The isolation of the strains took place between January 2019 and October 2019 at the Microbiology Unit of the University Hospital in Rome. Bacteria investigated were isolated from samples processed during routine analysis, specifically rectal swabs and blood cultures. Rectal swabs were directly plated on Brilliance CRE medium plates (Oxoid Ltd.). Blood culture bottles were incubated in the automatic VirtuoBacT/Alert system (bioMérieux, Inc., Marcy l’Etoile, France). When positive for Gram-negative bacteria, aliquots of blood cultures were plated on BD Columbia agar with 5% sheep blood, MacConkey agar (Becton, Dickinson, Heidelberg, Germany), ESBL agar, and Brilliance CRE medium plates (Oxoid Ltd.). Isolated colonies from rectal swabs and blood cultures were identified by the matrix-assisted laser desorption ionization–time of flight mass spectrometry (MALDI-TOF MS) system (Bruker Daltonik GmbH, Bremen, Germany). Antimicrobial susceptibility was tested by the Vitek2 system (bioMérieux). The MICs of antibiotics were assessed by following EUCAST breakpoint tables for interpretation of MICs and zone diameters, version 9.0, valid from 2 January 2019 (http://www.eucast.org/clinical_breakpoints/; see Table S2 in the supplemental material). Etest strips (bioMérieux) were used to assess CAZ-AVI MICs.

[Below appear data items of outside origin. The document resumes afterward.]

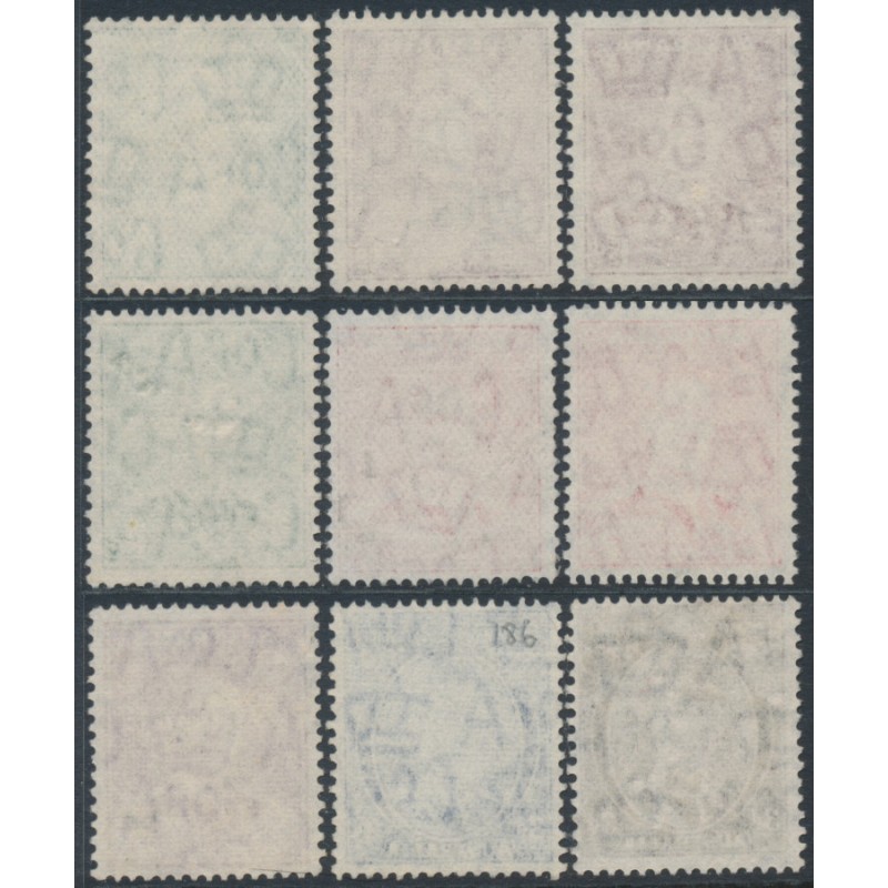 1938-1941 1d to 3d King George VI definitives set of 8, perf. 15:14, plus the 2d red KGVI with inverted watermark, used – no thins, tears or bends.
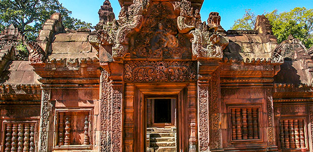 - Admire spellbinding reliefs in red-hued Banteay Srei.
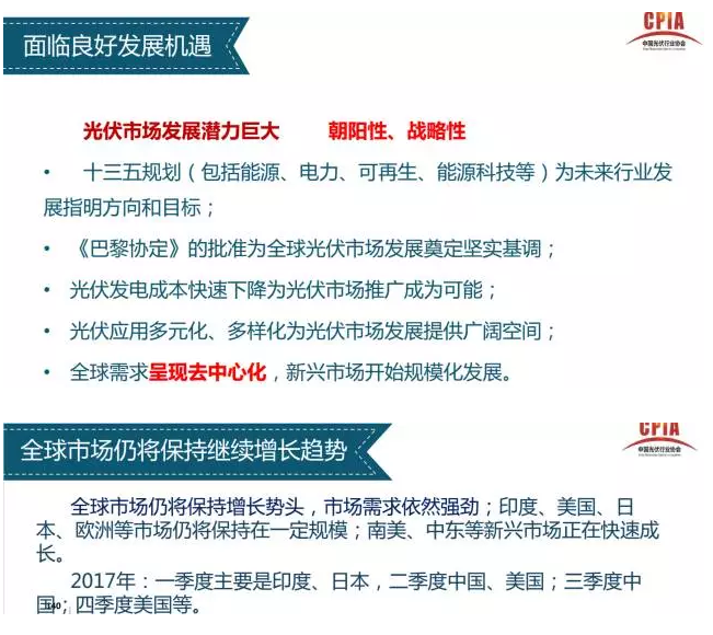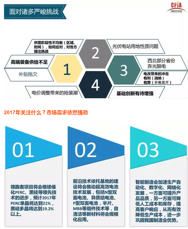 2017年2月16日,中國(guó)光伏行業(yè)協(xié)會(huì)秘書(shū)長(zhǎng)王勃華詳細(xì)介紹了2016年中國(guó)光伏產(chǎn)業(yè)的發(fā)展?fàn)顩r,并對(duì)2017年的發(fā)展趨勢(shì)進(jìn)行了預(yù)判。以下為報(bào)告的詳細(xì)內(nèi)容:
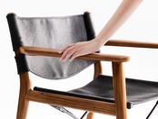 ”Deck”シリーズは、foxx chair®が持つ快適な座り心地や折りたたみ機能はそのままに、室内でも半屋外空間でも使用でき、どちらの空間にも自然に溶け込むデザインです。洗練されたインテリア性を保ちつつ、アウトドアでもその魅力を発揮します。フレームには油分を豊富に含み、高い耐水性と耐久性、美しい仕上がりを誇るチーク材を、張り地には撥水加工を施したアウドドア用のポリエステル材を採用しました。
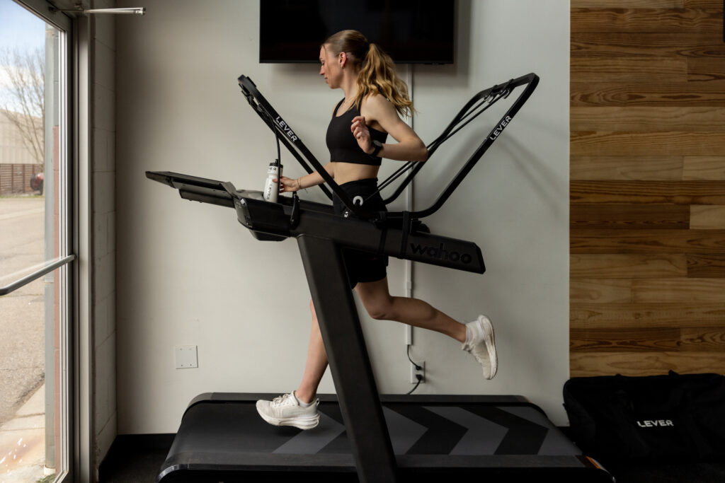 If you’ve never heard of or seen a Lever, it’s a running harness for a treadmill. It kind of looks like a baby jolly jumper but for adults–and it’s an incredible piece of equipment (that in my opinion feels pretty close to an AlterG). The metal frame easily attaches to any treadmill and then a heavy-duty elastic rope connected to the frame is threaded through loops on a pair of special shorts worn by the runner. The elastic is then reattached to the frame through a one-way carabiner where you can control the amount of support by how much rope you pull through. You can take up to 45 lbs (24 kg) off your body weight and work your way back up to full weight. It’s also a great tool to use even if you aren’t injured to help manage the stress on your body and prevent injury, something Flora Duffy, Laura Philipp, Marjolaine Pierré and Paula Findlay all do.

Strains showing a carbapenem-resistant phenotype (according to EUCAST criteria; http://www.eucast.org/clinical_breakpoints/) were tested using the real-time PCR assay Xpert Carba-R kit for the GeneXpert system (Cepheid) to evaluate the presence of the bla_VIM, bla_IMP-1, bla_KPC, bla_OXA-48, and bla_NDM carbapenemase genes.

Conjugation experiments.

Conjugation experiments were performed using the VIM-1-IncA K. oxytoca strain as the donor and the susceptible laboratory lactose-negative E. coli JM83 strain as the recipient. Conjugants were identified by plating 10-fold dilutions of the conjugation mixture on MacConkey agar plates with or without 100 μg/ml ampicillin. Approximately 2,000 colonies were screened for each experiment. Conjugants were recognized as lactose-negative, ampicillin-resistant colonies growing on MacConkey agar plates with 100 μg/ml ampicillin and confirmed by IncA-repA and bla_VIM-1 PCRs. Mating experiments were repeated in triplicate, using 1:1, 1:1, and 1:2 donor/recipient ratios. Conjugation frequency was calculated as the ratio of the total number of lactose-negative, ampicillin-resistant colonies (CFU/ml) to the total number of lactose-negative colonies (CFU/ml) growing on MacConkey agar plates.

Whole-genome sequencing.

Genomic DNA was purified from bacterial strains using the Macherey-Nagel DNA extraction kit (Düren, Germany). Paired-end libraries were generated using the Nextera XT DNA sample preparation kit (Illumina, Inc., San Diego, CA, USA) and sequenced using the Illumina MiSeq instrument with the 2 × 300PE protocol (Illumina, Inc.). De novo assembly of Illumina reads was performed using Galaxy version 20150522 of the A5 pipeline through the ARIES public Galaxy server (https://w3.iss.it/site/aries/). Antimicrobial resistance and replicon genes were detected using the ResFinder and PlasmidFinder online tools (https://cge.cbs.dtu.dk/services/). Insertion sequences were identified by ISFinder (https://isfinder.biotoul.fr). Phage prediction was performed at the PHASTER website (https://phaster.ca/). Complete plasmid sequences were annotated using the RAST server (http://rast.nmpdr.org/).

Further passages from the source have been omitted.